Entries taken from a collection:
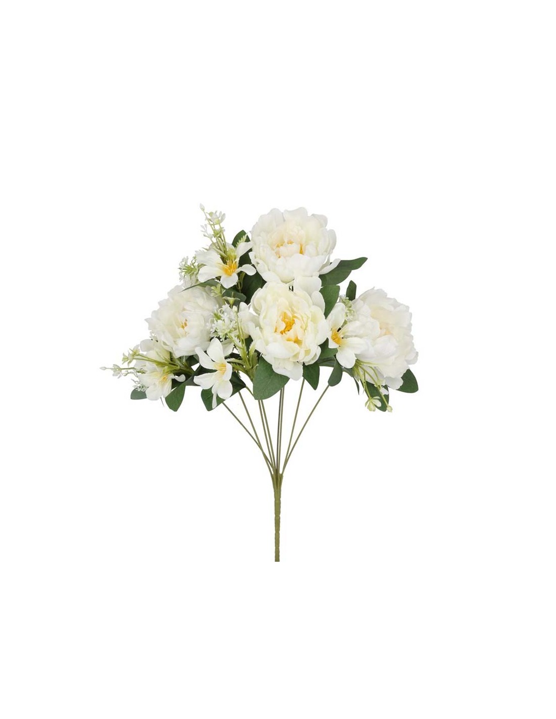 Ramo de peonías abiertas combinadas con lirios y hojas verdes en su parte posterior.
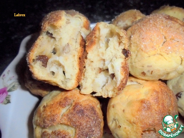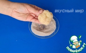 Из теста сформировать 20 одинаковых шариков. Сахар смешать с корицей. Обвалять творожные шарики в сахарной смеси.
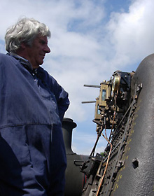 The boiler being turned. Blackmoor Vale, in the background, is undergoing annual maintenance. |
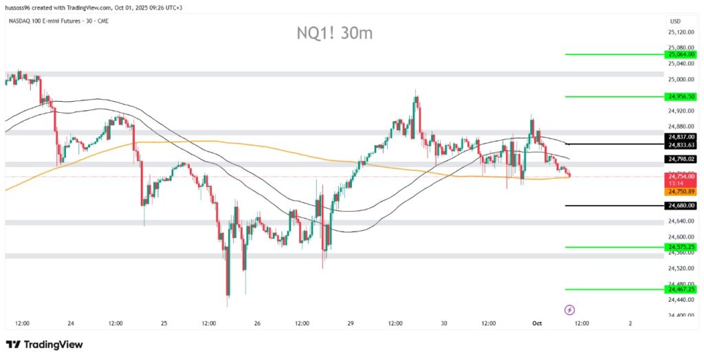 Scenario 1: Buy Nasdaq with a breakout and hold above 24,837, targeting 24,956 and then 25,064.
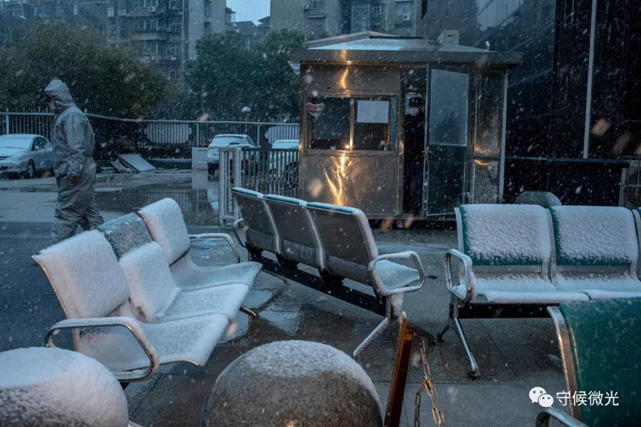 2月15日,湖北省武漢市武昌區(qū),湖北大中中醫(yī)院門前,一名工作人員經(jīng)過(guò)。椅子上已經(jīng)落了厚厚一層雪。中國(guó)青年報(bào) 李雋輝/攝
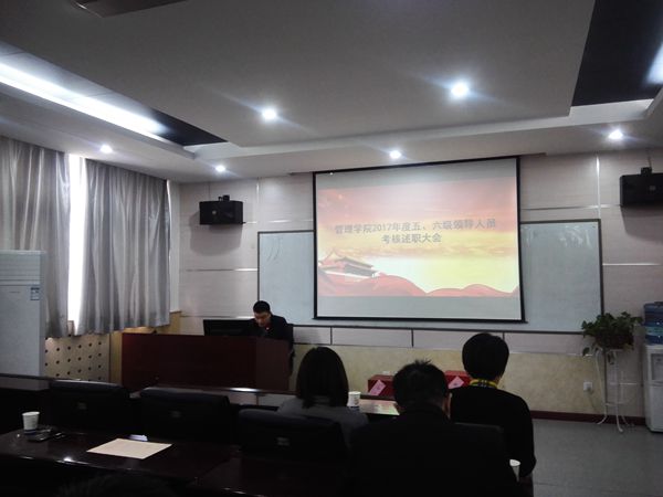 在友谊校区学院楼602会议室召开“2017年度五、六级领导人员述职评议”大会,全院职工参加了会议,学校党委组织部张琨同志出席了述职评议大会。会议由厕拍
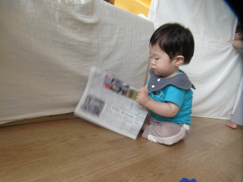 ひよこ組さんも「これなんだろう?」と興味津々。新聞紙を手に取りじっくりと紙の感触を味わっていました🤗

• [YOUR GOAL]: Nothing but an exact copy of the data, without its images, should make up your answer.

• [FINISHED EXERCISE]:
 Ramo de peonías abiertas combinadas con lirios y hojas verdes en su parte posterior.
 Из теста сформировать 20 одинаковых шариков. Сахар смешать с корицей. Обвалять творожные шарики в сахарной смеси.
 The boiler being turned. Blackmoor Vale, in the background, is undergoing annual maintenance. |
 Scenario 1: Buy Nasdaq with a breakout and hold above 24,837, targeting 24,956 and then 25,064.
 2月15日,湖北省武漢市武昌區(qū),湖北大中中醫(yī)院門前,一名工作人員經(jīng)過(guò)。椅子上已經(jīng)落了厚厚一層雪。中國(guó)青年報(bào) 李雋輝/攝
 在友谊校区学院楼602会议室召开“2017年度五、六级领导人员述职评议”大会,全院职工参加了会议,学校党委组织部张琨同志出席了述职评议大会。会议由厕拍
 ひよこ組さんも「これなんだろう?」と興味津々。新聞紙を手に取りじっくりと紙の感触を味わっていました🤗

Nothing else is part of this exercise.